转载自:
http://blog.fens.me/hadoop-hive-intro/
本人根据实际情况稍微做了一些改编。
让Hadoop跑在云端系列文章,介绍了如何整合虚拟化和Hadoop,让Hadoop集群跑在VPS虚拟主机上,通过云向用户提供存储和计算的服务。
现在硬件越来越便宜,一台非品牌服务器,2颗24核CPU,配48G内存,2T的硬盘,已经降到2万块人民币以下了。这种配置如果简单地放几个web应用,显然是奢侈的浪费。就算是用来实现单节点的hadoop,对计算资源浪费也是非常高的。对于这么高性能的计算机,如何有效利用计算资源,就成为成本控制的一项重要议题了。
通过虚拟化技术,我们可以将一台服务器,拆分成12台VPS,每台2核CPU,4G内存,40G硬盘,并且支持资源重新分配。多么伟大的技术啊!现在我们有了12个节点的hadoop集群, 让Hadoop跑在云端,让世界加速。
关于作者:
- 张丹(Conan), 程序员Java,R,PHP,Javascript
- weibo:@Conan_Z
- blog: http://blog.fens.me
- email: bsspirit@gmail.com
转载请注明出处:
http://blog.fens.me/hadoop-hive-intro/
前言
Hive是Hadoop一个程序接口,Hive让数据分析人员快速上手,Hive使用了类SQL的语法,Hive让JAVA的世界变得简单而轻巧,Hive让Hadoop普及到了程序员以外的人。
从Hive开始,让分析师们也能玩转大数据。
目录
- Hive的安装
- Hive的hwi安装
- Hive的基本使用:CRUD
- Hive交互式模式
- 数据导入
- 数据导出
- Hive查询HiveQL
- Hive视图
- Hive分区表
1. Hive的安装
系统环境
装好hadoop的环境后,我们可以把Hive装在namenode机器上(c1)。
hadoop的环境,请参考:让Hadoop跑在云端系列文章,RHadoop实践系列之一:Hadoop环境搭建
下载: hive-0.9.0.tar.gz
解压到: /home/cos/toolkit/hive-0.9.0
hive配置
~ cd /home/cos/toolkit/hive-0.9.0
~ cp hive-default.xml.template hive-site.xml
~ cp hive-log4j.properties.template hive-log4j.properties
修改hive-site.xml配置文件
把Hive的元数据存储到MySQL中
~ vi conf/hive-site.xml
<property>
<name>javax.jdo.option.ConnectionURL</name>
<value>jdbc:mysql://localhost:3306/hive_metadata?createDatabaseIfNotExist=true</value>
<description>JDBC connect string for a JDBC metastore</description>
</property>
<property>
<name>javax.jdo.option.ConnectionDriverName</name>
<value>com.mysql.jdbc.Driver</value>
<description>Driver class name for a JDBC metastore</description>
</property>
<property>
<name>javax.jdo.option.ConnectionUserName</name>
<value>hive</value>
<description>username to use against metastore database</description>
</property>
<property>
<name>javax.jdo.option.ConnectionPassword</name>
<value>hive</value>
<description>password to use against metastore database</description>
</property>
<property>
<name>hive.metastore.warehouse.dir</name>
<value>/user/hive/warehouse</value>
<description>location of default database for the warehouse</description>
</property>
这里选择的是单机的部署方式,即mysql跟hive是安装在同一台机器上的,当然也可以将mysql安装在另一台机器上,然后通过远程连接的方式操作,但是本人再实践的时候总出现一些奇怪的错误,后面也就放弃尝试了。装在单机上的话,直接配置localhost就可以了。

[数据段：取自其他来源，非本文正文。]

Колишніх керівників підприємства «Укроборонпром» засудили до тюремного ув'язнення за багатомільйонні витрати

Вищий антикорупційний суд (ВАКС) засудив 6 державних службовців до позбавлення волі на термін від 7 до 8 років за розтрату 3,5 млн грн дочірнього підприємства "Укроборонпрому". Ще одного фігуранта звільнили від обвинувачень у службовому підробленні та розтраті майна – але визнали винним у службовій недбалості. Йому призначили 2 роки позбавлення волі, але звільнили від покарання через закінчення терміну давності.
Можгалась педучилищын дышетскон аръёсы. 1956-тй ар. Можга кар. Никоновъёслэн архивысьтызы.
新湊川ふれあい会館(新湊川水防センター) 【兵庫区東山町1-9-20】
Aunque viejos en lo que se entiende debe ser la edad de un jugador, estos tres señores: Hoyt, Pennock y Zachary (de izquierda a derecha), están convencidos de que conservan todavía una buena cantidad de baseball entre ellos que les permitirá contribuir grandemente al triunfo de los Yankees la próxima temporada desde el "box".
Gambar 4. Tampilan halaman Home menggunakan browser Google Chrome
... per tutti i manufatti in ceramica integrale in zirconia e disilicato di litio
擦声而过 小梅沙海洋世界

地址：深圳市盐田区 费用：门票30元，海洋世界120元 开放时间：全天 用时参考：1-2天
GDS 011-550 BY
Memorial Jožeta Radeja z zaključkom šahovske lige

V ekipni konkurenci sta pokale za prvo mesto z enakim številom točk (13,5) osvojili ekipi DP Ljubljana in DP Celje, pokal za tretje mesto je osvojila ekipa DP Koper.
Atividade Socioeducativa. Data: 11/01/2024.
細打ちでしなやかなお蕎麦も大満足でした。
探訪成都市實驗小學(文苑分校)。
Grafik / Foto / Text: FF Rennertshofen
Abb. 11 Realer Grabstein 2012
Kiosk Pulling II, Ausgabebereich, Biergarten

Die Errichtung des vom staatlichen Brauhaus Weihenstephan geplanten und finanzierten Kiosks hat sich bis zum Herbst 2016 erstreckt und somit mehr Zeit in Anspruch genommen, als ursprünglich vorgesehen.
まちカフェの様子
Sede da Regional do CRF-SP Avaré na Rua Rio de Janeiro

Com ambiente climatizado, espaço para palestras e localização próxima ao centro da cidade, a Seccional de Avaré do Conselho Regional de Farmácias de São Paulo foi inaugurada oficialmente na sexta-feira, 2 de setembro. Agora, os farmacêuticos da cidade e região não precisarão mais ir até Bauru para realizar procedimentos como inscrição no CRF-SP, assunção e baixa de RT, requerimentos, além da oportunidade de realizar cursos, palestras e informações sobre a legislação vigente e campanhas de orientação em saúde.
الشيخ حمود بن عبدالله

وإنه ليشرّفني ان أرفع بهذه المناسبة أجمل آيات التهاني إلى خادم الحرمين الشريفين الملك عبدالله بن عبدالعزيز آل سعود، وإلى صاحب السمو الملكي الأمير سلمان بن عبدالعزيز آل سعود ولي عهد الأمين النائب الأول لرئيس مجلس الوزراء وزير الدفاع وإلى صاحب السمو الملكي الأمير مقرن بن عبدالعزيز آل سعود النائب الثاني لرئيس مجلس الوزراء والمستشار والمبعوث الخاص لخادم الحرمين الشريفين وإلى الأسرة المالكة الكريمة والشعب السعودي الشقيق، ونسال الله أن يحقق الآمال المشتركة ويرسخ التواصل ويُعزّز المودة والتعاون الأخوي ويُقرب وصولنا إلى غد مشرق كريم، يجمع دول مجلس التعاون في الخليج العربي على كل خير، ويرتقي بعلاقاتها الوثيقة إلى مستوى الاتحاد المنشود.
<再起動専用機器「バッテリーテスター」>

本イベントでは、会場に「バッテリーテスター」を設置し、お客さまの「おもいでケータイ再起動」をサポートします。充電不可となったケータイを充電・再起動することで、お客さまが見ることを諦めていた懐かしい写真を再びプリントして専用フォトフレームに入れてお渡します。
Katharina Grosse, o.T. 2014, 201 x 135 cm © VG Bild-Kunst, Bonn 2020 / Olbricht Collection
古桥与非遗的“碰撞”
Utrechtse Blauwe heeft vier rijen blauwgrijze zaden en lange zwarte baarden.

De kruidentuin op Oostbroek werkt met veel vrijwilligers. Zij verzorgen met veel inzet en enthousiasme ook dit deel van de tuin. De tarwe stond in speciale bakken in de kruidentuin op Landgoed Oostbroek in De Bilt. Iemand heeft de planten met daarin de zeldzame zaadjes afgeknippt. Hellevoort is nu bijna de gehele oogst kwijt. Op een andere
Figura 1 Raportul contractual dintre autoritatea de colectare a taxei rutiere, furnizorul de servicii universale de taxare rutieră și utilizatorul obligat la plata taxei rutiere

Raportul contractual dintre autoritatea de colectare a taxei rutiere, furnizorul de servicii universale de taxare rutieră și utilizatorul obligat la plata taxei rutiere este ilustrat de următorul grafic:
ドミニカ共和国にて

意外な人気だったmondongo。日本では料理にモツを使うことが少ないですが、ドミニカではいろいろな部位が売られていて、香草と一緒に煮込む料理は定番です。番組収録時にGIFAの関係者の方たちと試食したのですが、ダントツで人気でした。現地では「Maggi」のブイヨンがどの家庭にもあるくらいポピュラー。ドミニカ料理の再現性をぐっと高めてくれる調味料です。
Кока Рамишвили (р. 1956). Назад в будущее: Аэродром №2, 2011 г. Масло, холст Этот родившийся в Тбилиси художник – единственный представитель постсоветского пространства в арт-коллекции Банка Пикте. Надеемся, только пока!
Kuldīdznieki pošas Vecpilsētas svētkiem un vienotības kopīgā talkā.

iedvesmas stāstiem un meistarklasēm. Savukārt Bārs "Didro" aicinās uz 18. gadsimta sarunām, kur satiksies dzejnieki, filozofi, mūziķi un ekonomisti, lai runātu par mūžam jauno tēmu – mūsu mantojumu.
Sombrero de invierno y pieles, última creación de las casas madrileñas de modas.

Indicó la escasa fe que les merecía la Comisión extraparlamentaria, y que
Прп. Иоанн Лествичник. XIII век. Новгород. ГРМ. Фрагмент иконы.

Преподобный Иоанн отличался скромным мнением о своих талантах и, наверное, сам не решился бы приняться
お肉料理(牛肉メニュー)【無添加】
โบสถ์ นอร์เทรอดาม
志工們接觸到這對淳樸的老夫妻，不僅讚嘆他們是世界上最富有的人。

至于安装mysql的话,我用的是ubuntu,直接使用suod apt-get install mysql-server安装就可以了,还有mysql客户端,直接打开ubuntu的软件中心找找就可以下载方便。
ubuntu上安装mysql非常简单只需要几条命令就可以完成。
1. sudo apt-get install mysql-server 2. apt-get isntall mysql-client3. sudo apt-get install libmysqlclient-dev 安装过程中会提示设置密码什么的,注意设置了不要忘了,安装完成之后可以使用如下命令来检查是否安装成功: sudo netstat -tap | grep mysql 通过上述命令检查之后,如果看到有mysql 的socket处于 listen 状态则表示安装成功。 登陆mysql数据库可以通过如下命令: mysql -u root -p -u 表示选择登陆的用户名, -p 表示登陆的用户密码,上面命令输入之后会提示输入密码,此时输入密码就可以登录到mysql。
修改hive-log4j.properties
#log4j.appender.EventCounter=org.apache.hadoop.metrics.jvm.EventCounter
log4j.appender.EventCounter=org.apache.hadoop.log.metrics.EventCounter
设置环境变量
~ sudo vi /etc/environment
PATH="/usr/local/sbin:/usr/local/bin:/usr/sbin:/usr/bin:/sbin:/bin:/usr/games:/usr/local/games:/home/cos/toolkit/ant184/bin:/home/cos/toolkit/jdk16/bin:/home/cos/toolkit/maven3/bin:/home/cos/toolkit/hadoop-1.0.3/bin:/home/cos/toolkit/hive-0.9.0/bin"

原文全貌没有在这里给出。